On Mon, Mar 10, 2014 at 05:14:02PM +0100, David Kastrup wrote:

> [storing refs in sqlite]
> Of course, the basic premise for this feature is "let's assume that our
> file and/or operating system suck at providing file system functionality
> at file name granularity".  There have been two historically approaches
> to that problem that are not independent: a) use Linux b) kick Linus.

You didn't define "suck" here, but there are a number of issues with the
current ref storage system. Here is a sampling:

  1. The filesystem does not present an atomic view of the data (e.g.,
     you read "a", then while you are reading "b", somebody else updates
     "a"; your view is one that never existed at any point in time).

  2. Using the filesystem creates D/F conflicts between branches "foo"
     and "foo/bar". Because this name is a primary key even for the
     reflogs, we cannot easily persist reflogs after the ref is removed.

  3. We use packed-refs in conjunction with loose ones to achieve
     reasonable performance when there are a large number of refs.
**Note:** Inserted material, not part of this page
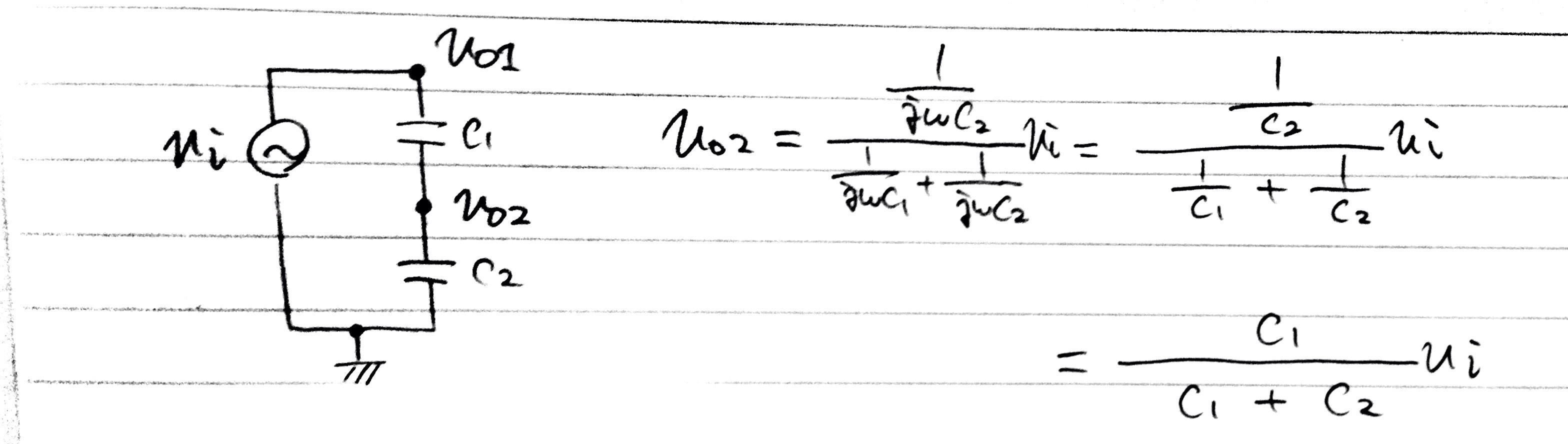 のようになり、抵抗で分圧するときとは逆になりました。コンデンサの中間点をGNDにすると
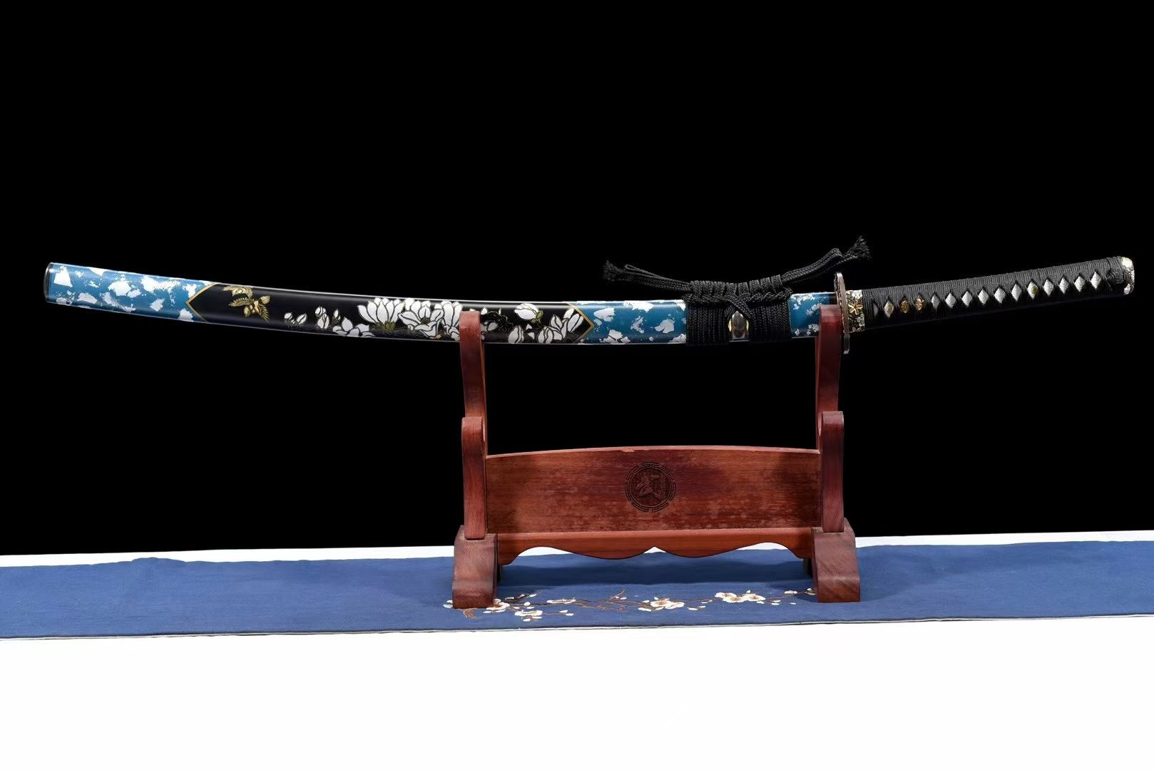 Katana “Bạch Ngọc Lan” là tuyệt phẩm kiếm samurai cao cấp, được chế tác hoàn toàn thủ công từ thép hoa văn bách luyện gấp lớp, kết hợp kỹ thuật tôi lưỡi đắp đất truyền thống, mang lại độ sắc bén và độ bền vượt trội.

The
     scheme for determining the current value of a ref is complicated
     and error-prone (we had several race conditions that caused real
     data loss).

Those things can be solved through better support from the filesystem.
But they were also solved decades ago by relational databases.

I generally avoid databases where possible. They lock your data up in a
binary format that you can't easily touch with standard unix tools. And
they introduce complexity and opportunity for bugs.

But they are also a proven technology for solving exactly the sorts of
problems that some people are having with git. I do not see a reason not
to consider them as an option for a pluggable refs system. But I also do
not see a reason to inflict their costs on people who do not have those
problems. And that is why Michael's email is about _pluggable_ ref
backends, and not "let's convert git to sqlite".

I do not even know if sqlite is going to end up as an interesting
option. But it will be nice to be able to experiment with it easily due
to git's ref code becoming more modular.